No Teatro Nacional D. Maria II (TNDM), casa que também foi sua, dirigiu Pedro, o Cru, Guerras de Alecrim e Manjerona, Fígados de Tigre, O leque de Lady Windermere, Ricardo II, O Crime da Aldeia Velha e A maçom e Real Caçada ao Sol.
"O Carlos é uma figura decisiva do teatro português, quer como ator, quer como encenador. Na relação com a pluralidade estética, é um artista determinante na agregação de outros artistas, o que é raro. É um criador de espaço e de oportunidades", diz Tiago Rodrigues. O ex-diretor do TNDM recorda a "generosidade", faceta que Maria João Avillez também relembra: "Um homem muito trabalhador, talentoso e criativo. Um ser humano muito bem formado, e generoso". Porque, diz Tiago Rodrigues, sabia dar uma opinião "sem se impor". E "porque ajudava os que chegavam", dando-lhes protagonismo. "Fez isso comigo no D. Maria. Que tinha sido ali muito feliz, disse-me, mas que, agora, era o meu tempo". Atualmente a dirigir o Festival Internacional de Teatro de Avinhão, o mais prestigiado da Europa, Rodrigues releva, na relação de ambos, "a elegância". E tece elogios a uma geração que, com o fim da ditadura, teve a oportunidade de moldar o teatro português: " O Carlos - tal como Jorge Silva Melo, Luís Miguel Cintra, João Mota, Fernanda Lapa e outros - influenciou muito o modo como se faz teatro no país. No caso dele, estamos perante alguém que se preocupou em criar, em fazer e em ajudar a fazer", referência ao pedagogo. A Escola Profissional de Teatro de Cascais, fundada por Avilez em 1993, "ainda hoje é muito importante para o teatro nacional", acrescenta Tiago Rodrigues.

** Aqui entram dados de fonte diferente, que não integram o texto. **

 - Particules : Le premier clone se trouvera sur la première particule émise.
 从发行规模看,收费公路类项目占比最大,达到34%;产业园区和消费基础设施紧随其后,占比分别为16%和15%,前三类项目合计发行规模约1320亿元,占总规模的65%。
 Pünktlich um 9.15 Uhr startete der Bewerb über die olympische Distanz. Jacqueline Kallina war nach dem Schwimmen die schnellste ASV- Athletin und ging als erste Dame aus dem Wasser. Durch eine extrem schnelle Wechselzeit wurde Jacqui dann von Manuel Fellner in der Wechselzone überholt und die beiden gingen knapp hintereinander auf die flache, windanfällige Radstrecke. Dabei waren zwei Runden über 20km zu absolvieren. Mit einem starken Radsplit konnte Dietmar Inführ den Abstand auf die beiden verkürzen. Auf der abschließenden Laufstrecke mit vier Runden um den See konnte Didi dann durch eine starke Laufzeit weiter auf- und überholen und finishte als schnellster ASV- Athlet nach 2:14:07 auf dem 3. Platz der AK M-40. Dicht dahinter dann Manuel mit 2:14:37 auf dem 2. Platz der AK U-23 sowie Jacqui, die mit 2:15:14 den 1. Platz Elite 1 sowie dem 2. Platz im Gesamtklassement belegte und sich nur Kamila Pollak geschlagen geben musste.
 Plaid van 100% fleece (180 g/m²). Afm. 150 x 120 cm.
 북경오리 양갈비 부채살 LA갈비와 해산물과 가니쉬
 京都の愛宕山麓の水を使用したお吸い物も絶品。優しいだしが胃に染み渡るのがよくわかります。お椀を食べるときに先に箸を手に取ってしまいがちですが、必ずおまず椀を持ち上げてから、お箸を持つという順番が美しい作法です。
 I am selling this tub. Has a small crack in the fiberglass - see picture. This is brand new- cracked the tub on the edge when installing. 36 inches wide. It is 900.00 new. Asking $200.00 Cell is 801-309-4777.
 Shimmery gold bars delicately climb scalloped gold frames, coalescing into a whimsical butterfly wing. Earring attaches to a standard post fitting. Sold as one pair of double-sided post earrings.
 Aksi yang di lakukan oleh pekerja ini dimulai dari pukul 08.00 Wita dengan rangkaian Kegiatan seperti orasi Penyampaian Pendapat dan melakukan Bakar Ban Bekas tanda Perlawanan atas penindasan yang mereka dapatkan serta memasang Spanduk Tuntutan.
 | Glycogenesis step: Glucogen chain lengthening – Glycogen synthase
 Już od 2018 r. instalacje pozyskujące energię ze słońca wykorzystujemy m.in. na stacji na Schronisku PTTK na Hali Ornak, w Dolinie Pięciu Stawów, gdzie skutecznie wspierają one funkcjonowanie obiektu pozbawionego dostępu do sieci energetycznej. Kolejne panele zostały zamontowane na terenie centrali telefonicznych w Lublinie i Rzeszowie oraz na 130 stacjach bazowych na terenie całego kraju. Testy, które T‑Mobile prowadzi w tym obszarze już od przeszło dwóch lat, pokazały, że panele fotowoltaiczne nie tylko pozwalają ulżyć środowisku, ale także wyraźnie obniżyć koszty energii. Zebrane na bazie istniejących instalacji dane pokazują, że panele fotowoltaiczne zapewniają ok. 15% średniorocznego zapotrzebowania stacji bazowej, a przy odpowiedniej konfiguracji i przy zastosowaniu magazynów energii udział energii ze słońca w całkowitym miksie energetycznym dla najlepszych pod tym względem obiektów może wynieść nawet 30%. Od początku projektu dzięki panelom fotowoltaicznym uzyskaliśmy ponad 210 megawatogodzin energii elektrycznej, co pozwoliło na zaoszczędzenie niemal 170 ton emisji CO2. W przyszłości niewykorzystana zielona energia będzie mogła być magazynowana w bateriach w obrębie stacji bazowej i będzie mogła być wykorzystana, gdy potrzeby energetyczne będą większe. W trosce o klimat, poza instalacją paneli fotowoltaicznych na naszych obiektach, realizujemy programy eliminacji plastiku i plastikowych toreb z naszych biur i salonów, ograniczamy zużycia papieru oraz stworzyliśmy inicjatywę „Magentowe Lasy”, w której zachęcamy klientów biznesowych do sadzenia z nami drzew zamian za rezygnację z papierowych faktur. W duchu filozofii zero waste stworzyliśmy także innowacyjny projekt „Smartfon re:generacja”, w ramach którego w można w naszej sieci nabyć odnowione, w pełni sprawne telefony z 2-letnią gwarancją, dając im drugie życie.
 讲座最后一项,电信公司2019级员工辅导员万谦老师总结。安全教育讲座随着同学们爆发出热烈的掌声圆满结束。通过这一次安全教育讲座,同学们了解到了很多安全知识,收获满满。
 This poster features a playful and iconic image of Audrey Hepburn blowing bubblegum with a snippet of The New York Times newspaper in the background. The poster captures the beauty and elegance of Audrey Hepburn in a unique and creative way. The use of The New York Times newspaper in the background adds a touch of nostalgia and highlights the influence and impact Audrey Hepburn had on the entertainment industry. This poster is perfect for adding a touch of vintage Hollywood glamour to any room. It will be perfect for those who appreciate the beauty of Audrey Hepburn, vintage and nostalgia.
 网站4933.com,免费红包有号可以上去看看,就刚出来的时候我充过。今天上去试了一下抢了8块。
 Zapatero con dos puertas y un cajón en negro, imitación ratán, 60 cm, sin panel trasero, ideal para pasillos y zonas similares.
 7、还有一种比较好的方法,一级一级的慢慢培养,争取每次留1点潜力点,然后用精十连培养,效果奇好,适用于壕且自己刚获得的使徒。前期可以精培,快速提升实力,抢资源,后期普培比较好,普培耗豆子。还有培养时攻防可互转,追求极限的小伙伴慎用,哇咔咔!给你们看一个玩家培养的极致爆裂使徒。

Carlos Avilez cresceu em Arroios. Um dia, acompanhado de umas tias maternas, viu Palmira Bastos, Amelia Rey Colaço e João Villaret em Electra e os Fantasmas (Eugene O"Neill) no Teatro Nacional. "É isto", pensou. O círculo completa-se: fecha a caminhada de vida e obra com a mesma peça, atualmente em cena.
Carlos Avilez morreu ontem, aos 88 anos, no Hospital de Cascais, a cidade que elegeu, muito por causa do mar. "Estava em enorme sofrimento físico, mas feliz pela vida que teve", revela José Jorge Letria. Desaparece no mês em que fundou o TEC, a obra mais querida do seu percurso.
Quando encenou Fedra, aos 34 anos, Avilez disse ao que vinha. Não iria render-se à facilidade. "Queria fazer teatro como achava que devia ser feito, e fez". O teatro português tinha um eterno experimentalista. Era ele.